Dispersal is a one-time movement from a natal (where born) home range to a different adult home range. It’s different than a migration where deer repeat the same movements over and over. The dispersal study with the largest sample size (almost 600 bucks that were yearlings) was done in Pennsylvania. They found that 75 percent of yearling bucks dispersed. They completed their movement in one day, with half moving in May and June and the other half moving in September and October. The average distance was five miles though a few will go much further before settling down.

Now why am I bringing up this topic? Because how you manage deer on your property can determine the number of yearling bucks that leave. A study was done on the eastern shore of Maryland, where they examined the impact of quality deer management on dispersal. They compared pre- and post-QDM dispersal evaluated the maternal aggression hypothesis by comparing dispersal rates of orphan and non-orphan yearling males determined by genetic maternity analysis.

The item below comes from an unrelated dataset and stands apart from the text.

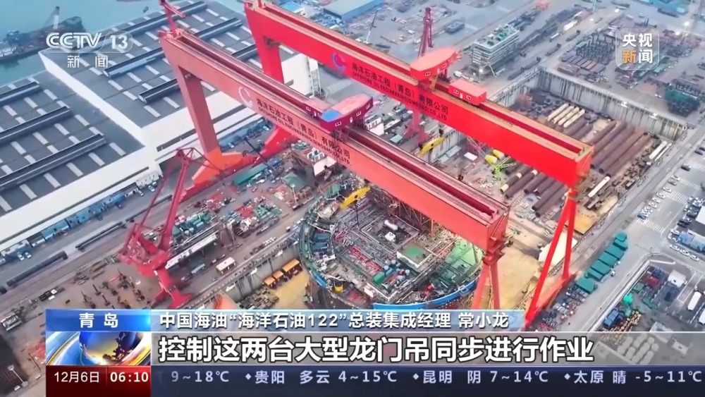 中國海油“海洋石油122”總裝集成經理 常小龍:我們(men) 是通過數字化係統,控製這兩(liang) 台大型龍門吊同步進行作業(ye) ,創新采用了插尖輔助定位技術,插尖都在每個(ge) 模塊下部,每個(ge) 都有十幾個(ge) 插尖,我們(men) 最終給它的定位精度控製在了4毫米以內(nei) ,我們(men) 這樣的方式也加快了整體(ti) 作業(ye) 效率,平均每兩(liang) 天吊一個(ge) 模塊,整體(ti) 作業(ye) 效率提高了50%以上。

Prior to implementing quality deer management, their yearling males dispersed at a rate of 70 percent. In response, they put restrictions on shooting small bucks — no yearling harvested — and shot does to equalize the sex ratio. After quality deer management, the dispersal rate dropped to 54 percent. That may not seem like a lot, but let me rephrase their findings. Before QDM, if you started with 100 yearling bucks, within a year, you had 30 still there. After QDM, you would have 46 still there. So every year if you start with 100 yearling bucks, after dispersal, you end up with 16 more bucks, year after year, when you implement QDM. That adds up.

Interesting was the pre-QDM survival probability of yearling males was 44 percent, but jumped to 72 percent after QDM. Of course that is one main objective of QDM, and it works.

I understand that with dispersal some of your bucks leave and some from other areas come to you. However, if you’ve done habitat work to make your property better habitat to grow better bucks, then you’re going to have quality yearlings and you sure don’t want to “replace” them with lesser yearlings from five miles away.

You can have some control over deer on your property, either via habitat management or deer management, or both. The good thing about the ideas listed are that they are not expensive, and they can be done on smaller properties (though QDM obviously works better with larger acreages). There are other habitat-related things you can do, such as creating small sanctuaries in the center of your property by making cuts or plantings. The bottom line is that you do have some control over the deer on your property or hunting area. Give them a try and good luck in the fall.